2°) Les CDD, la peur de se tromper à l’embauche, les soucis des chefs d’entreprise... Ne nous voilons pas la face sur la tendance à remettre en cause les CDI et à vouloir développer les CDD. En effet, ce n’est pas pour l’amont - l’embauche avec la peur de se tromper (mais qui devrait être assumée comme un "risque" normal quand on est décideur) - mais pour ce qui se passe en aval, ensuite, qu’on préfère les CDD. La raison en est simple, c’est qu’on fait l’économie du versement d’indemnités de licenciement pour tout travailleur qui perd son emploi. Lorsque le CDD vient à son terme et qu’il n’est pas renouvelé, ce n’est jamais que la fin "normale" du contrat de travail, et le salarié n’a droit à aucune indemnité. Lorsqu’un employeur licencie un salarié en CDI, et dès lors que celui-ci n’a commis aucune faute qui lui soit imputable, son employeur lui doit alors, une indemnité de licenciement pour rupture unilatérale du contrat de travail.
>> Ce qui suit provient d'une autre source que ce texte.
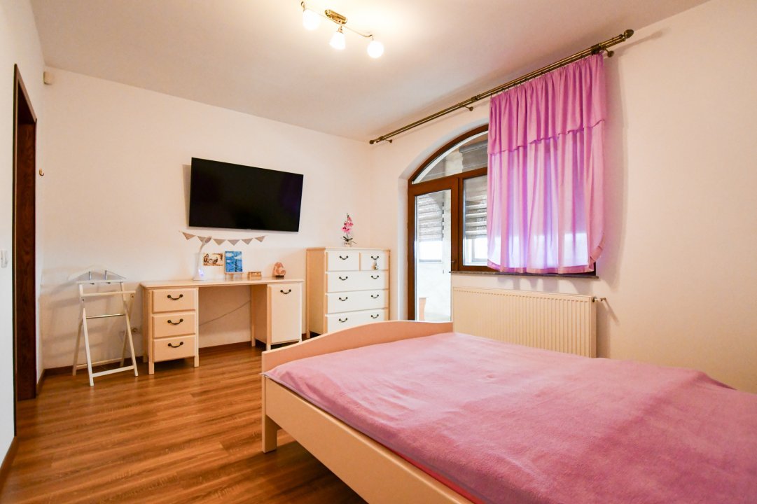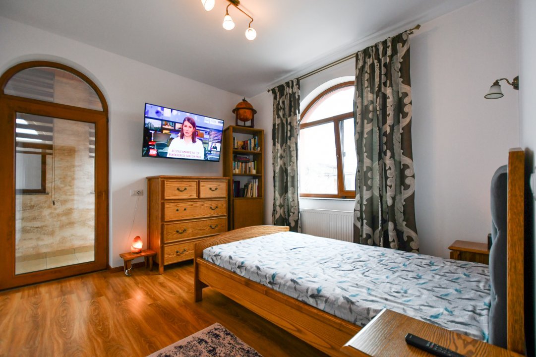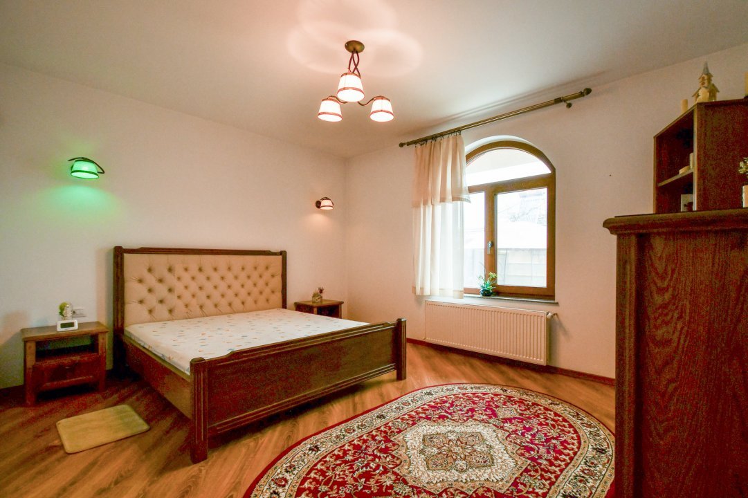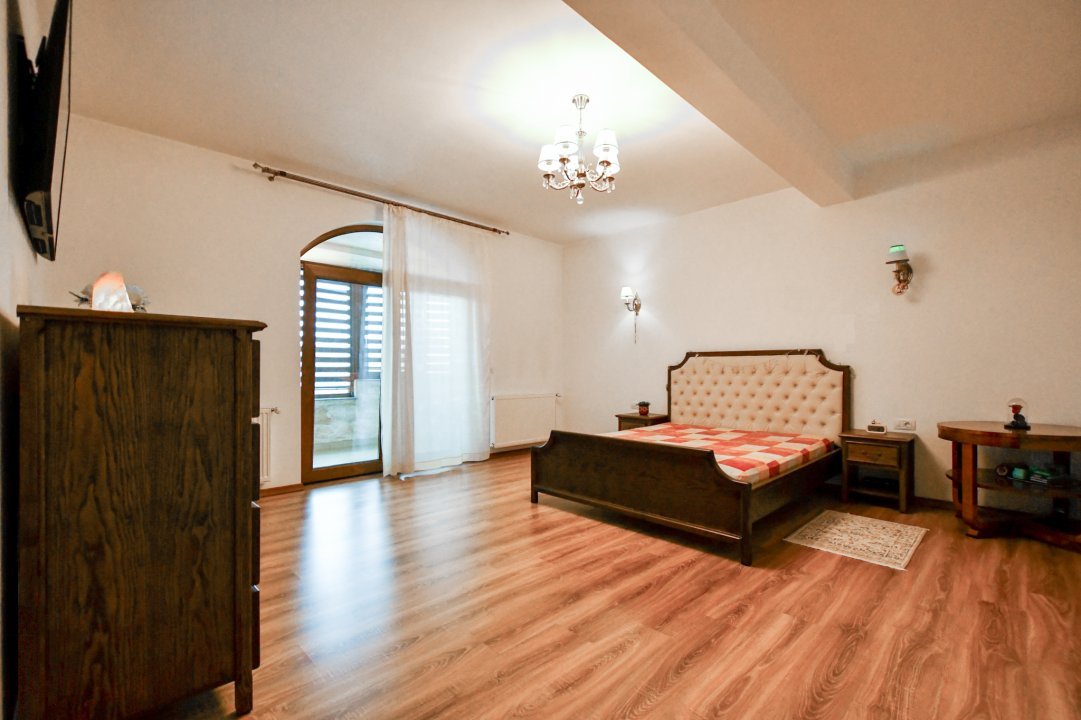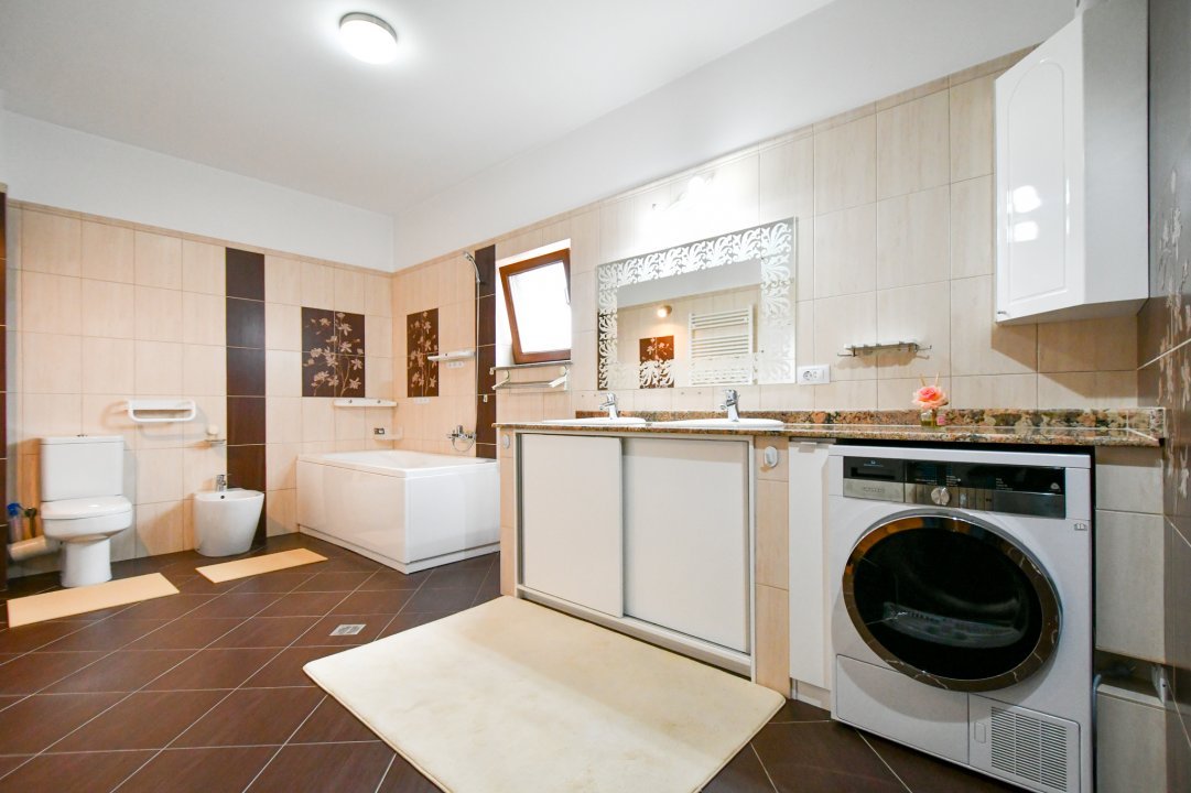 Ferestre din PVC (8 camere nuanta stejar) GEALAN si QFORT cu geam tripan reflexiv si geam sablat ornament, pervazuri din granit si feronerie MACO, gresie si faianta ceramica portelanata, parchet laminat trafic intens 12mm, instalatii alimentare apa din PPR (verde) cu bariera termica, instalatie scurgere/canalizare ingropata cu evacuare mare de ø160, instalatii termice din PPR verde cu bariera termica si UPONOR prin manson de protectie asistate de distribuitoare de caldura montate pe fiecare nivel, centrala termica pe gaz RIELLO FAMILY ITALIA 36KW in condensare cu boiler 110L incorporat si stabilizator de tensiune, calorifere otel si portprosop in bai, sistem fotovoltaic compus din 12 panouri Sharp cu putere 6,8 KW montate pe ferme metalice (costuri minime in timp - prosumator de 3 ani), invector Huawei putere 12KW, bransament 380V cu putere instalata 15KW, instalatii electrice 220V din cupru multifilar (bransament general Ø6, coloane alimentare Ø4, prize Ø2,5 si iluminat Ø2,5) asistate de tablou sigurante automate elaborat pe fiecare nivel, cu prize si intrerupatoare modulare Schneider si doze generale de legatura in fiecare camera, instalatie curenti slabi (internet si cablu TV) in camere, aparat de aer conditionat Mitsubishi Inverter 22000 BTU, sistem de alarma PARADOX, conectat la firma de paza si monitorizare video 24h/24h cu 8 camere de luat vederi receiver si monitor, videointerfon, usi interior din lemn stratificat cu garnituri etansare si feronerie premium, scara interioara din beton armat cu trepte placate lemn frasin si mana curenta lemn, usa acces imobil din PVC cu ranforsare antiefractie, baile dotate cu obiecte sanitare de la diverse firme de prestigiu IDEAL STANDARD - HANSGROHE etc, interior finisat cu stucco venetian si zugraveli lavabile.

Par ailleurs, quant au climat qui règne dans l’entreprise, comment veut-on, avec des CDD et la menace constante de perdre leur emploi, que les salariés développent ensuite un "patriotisme d’entreprise" ?
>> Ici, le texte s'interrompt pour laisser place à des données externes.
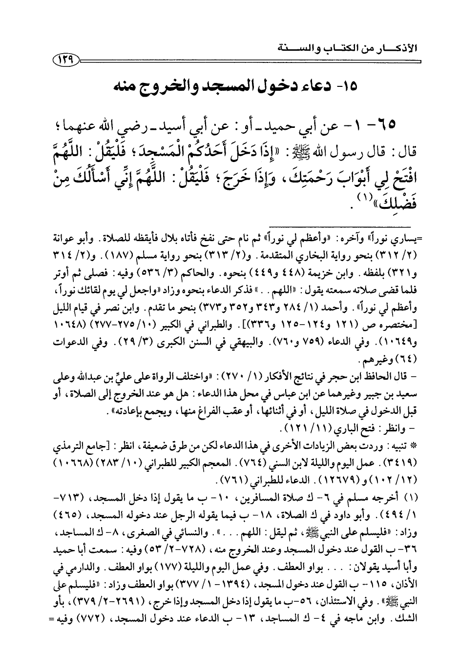 ٦٥ - ١ - عَنْ أبي حميد- أو: عَنْ أبي أسيد- رضي الله عنهما؛ قَالَ: قَالَ رسول الله صلى الله عليه وسلم: «إِذَا دَخَلَ أَحَدُكُمْ الْمَسْجِدَ؛ فَلْيَقُلْ: اللَّهُمَّ افْتَحْ لِي أَبْوَابَ رَحْمَتِكَ، وَإِذَا خَرَجَ؛ فَلْيَقُلْ: اللَّهُمَّ إِنِّي أَسْأَلُكَ مِنْ فَضْلِكَ» (¬١).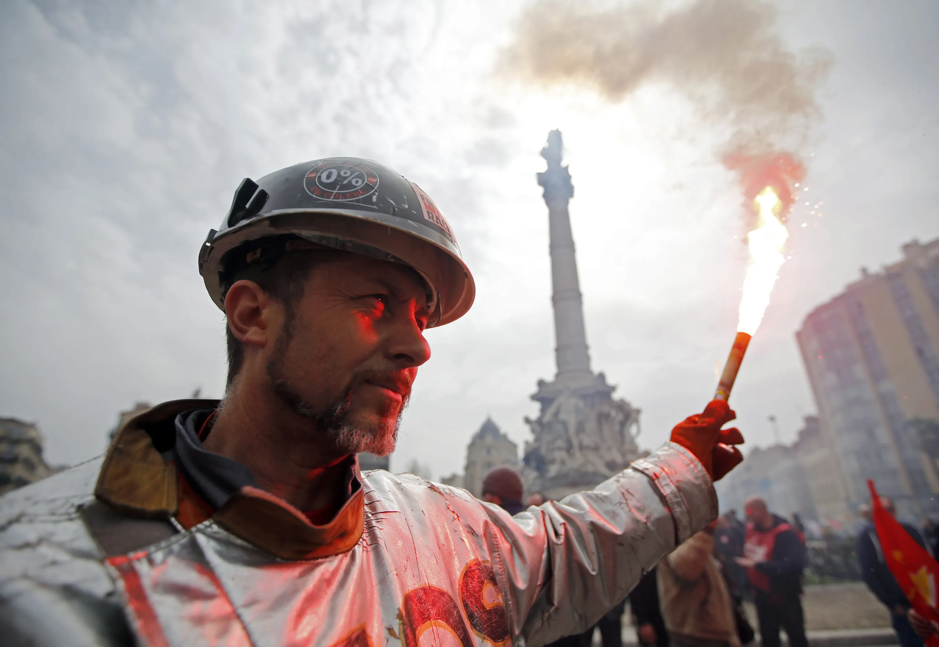 An Arcelor Mittal steel worker dressed in protective work suit demonstrates against the French labour law proposal in Marseille, France, as part of a nationwide labor reform protests and strikes, March 31, 2016. (Photo by Jean-Paul Pelissier/Reuters)

Quant aux soucis des employeurs... Il n’y a certes pas lieu de les minorer, mais doit-on, pour autant, les exagérer comme on le fait actuellement ? N’y auraient-ils que les seuls chefs d’entreprise qui ne devraient pas avoir de "soucis" quotidiens ? Tout de même, leurs soucis sont inévitablement inhérents à leur "profession" de chef d’entreprise... Les salariés, quant à eux, ont leurs propres soucis professionnels attachés à leur qualité de salariés et à leurs liens de subordination à leur employeur, avec, aussi, leurs soucis de fin de mois... Sans parler des autres professionnels qui ont aussi les leurs...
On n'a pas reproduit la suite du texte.